Supplied data -
━━━━

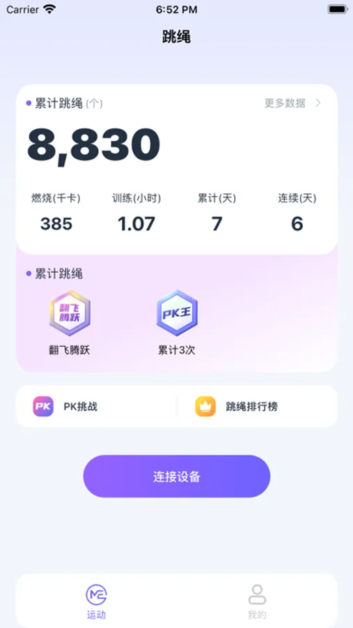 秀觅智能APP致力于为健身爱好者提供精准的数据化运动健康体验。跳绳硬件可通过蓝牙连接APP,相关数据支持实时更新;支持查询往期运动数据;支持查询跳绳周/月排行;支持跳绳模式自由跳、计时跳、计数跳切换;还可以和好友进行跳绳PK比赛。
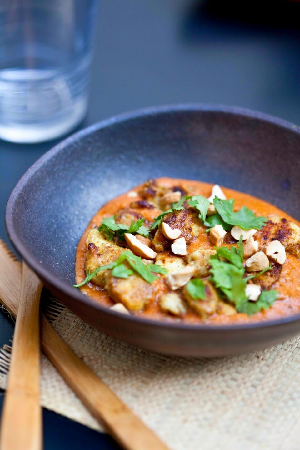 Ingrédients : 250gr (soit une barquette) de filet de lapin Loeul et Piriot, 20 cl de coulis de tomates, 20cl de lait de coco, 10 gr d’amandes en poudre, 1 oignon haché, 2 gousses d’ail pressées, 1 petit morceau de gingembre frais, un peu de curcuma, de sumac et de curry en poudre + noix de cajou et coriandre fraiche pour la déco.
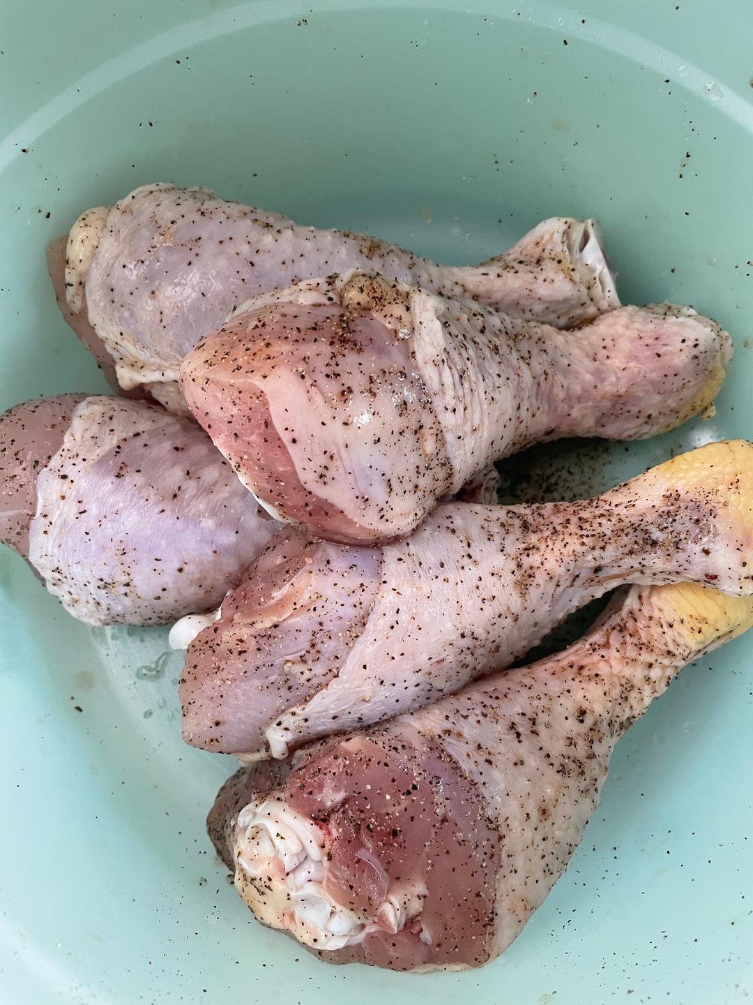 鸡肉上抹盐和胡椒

━━━━

Assignment - Please output each line above exactly and omit all images.

Response for this exercise -
 秀觅智能APP致力于为健身爱好者提供精准的数据化运动健康体验。跳绳硬件可通过蓝牙连接APP,相关数据支持实时更新;支持查询往期运动数据;支持查询跳绳周/月排行;支持跳绳模式自由跳、计时跳、计数跳切换;还可以和好友进行跳绳PK比赛。
 Ingrédients : 250gr (soit une barquette) de filet de lapin Loeul et Piriot, 20 cl de coulis de tomates, 20cl de lait de coco, 10 gr d’amandes en poudre, 1 oignon haché, 2 gousses d’ail pressées, 1 petit morceau de gingembre frais, un peu de curcuma, de sumac et de curry en poudre + noix de cajou et coriandre fraiche pour la déco.
 鸡肉上抹盐和胡椒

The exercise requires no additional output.